Styx was revered by the Olympians because she helped Zeus in his victory over the Titans, even though she was married to the Titan Pallas.  If an oath was sworn in her name, it bound the gods to their promise.  Ghosts floated over the gray waters, and corpses of those who had not paid their fare into the underworld floated along beside the boat of Charon, begging to be let on, as it carried the souls of those who did pay.  Charon was restricted from helping unpaid souls. 

When Psyche was sent to the Underworld on an untold mission by Venus, three women were deceivingly placed on the banks as Psyche got off the boat.  They pretended to weave clothing and asked for assistance.  Psyche resisted their persuasion and escaped the Underworld.  Orpheus and Aeneas were two others who had triumphed in crossing the river and rejoining the land of the living.  Aeneas was instructed by the Cumaean Sibyl to arrive at the Golden Bough so he could return from the Underworld. 

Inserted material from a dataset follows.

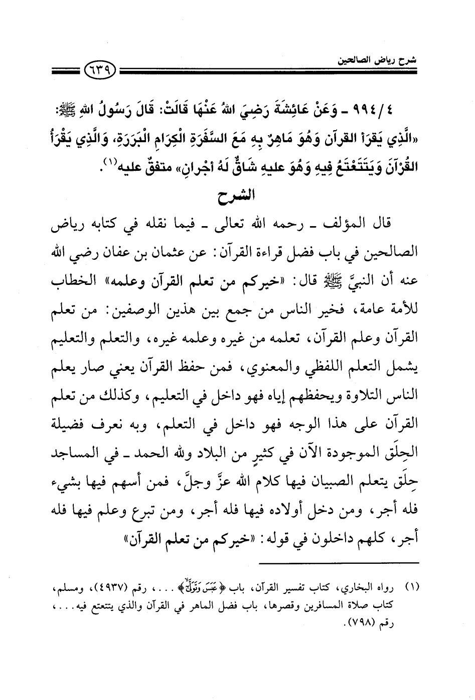 EXقال المؤلف رحمه الله تعالى فيما نقله في كتابه رياض الصالحين باب فضل قراءة القرآن عن عثمان بن عفان رضي الله عنه أن النبي صلى الله عليه وسلم قال خيركم من تعلم القرآن وعلمه الخطاب للأمة عامة فخير الناس من جمع بين هذين الوصفين من تعلم القرآن وعلم القرآن تعلمه من غيره وعلمه غيره والتعلم والتعليم يشمل التعلم اللفظي والمعنوي فمن حفظ القرآن يعني صار يعلم الناس التلاوة ويحفظهم إياه فهو داخل في التعليم وكذلك من تعلم القرآن على هذا الوجه فهو داخل في التعلم وبه نعرف فضيلة الحلق الموجودة الآن في كثير من البلاد ولله الحمد في المساجد حيث يتعلم الصبيان فيها كلام الله عز وجل فمن ساهم فيها بشيء فله أجر ومن أدخل أولاده فيها فله أجر ومن تبرع وعلم فيها فله أجر كلهم داخلون في قوله خيركم من تعلم القرآن وعلمه

Extra Notes: The Ferryman, Charon

Charon was a rugged, elderly man who required a certain sum of money for every trip down the river in his ramshackle boat to the Underworld.  Any man stricken with poverty was forced to wander miserable, cold and aimless, on the banks of the river for eternity.  Bodies were usually buried with a coin under each eyelid in ancient Greece, to ascertain safe travels in the afterlife.  Charon was sometimes shown as a demon with wings that held a double hammer, and Dante, a medieval writer, told of Charon in his poem the Divine Comedy as the first being encountered on the trip to hell.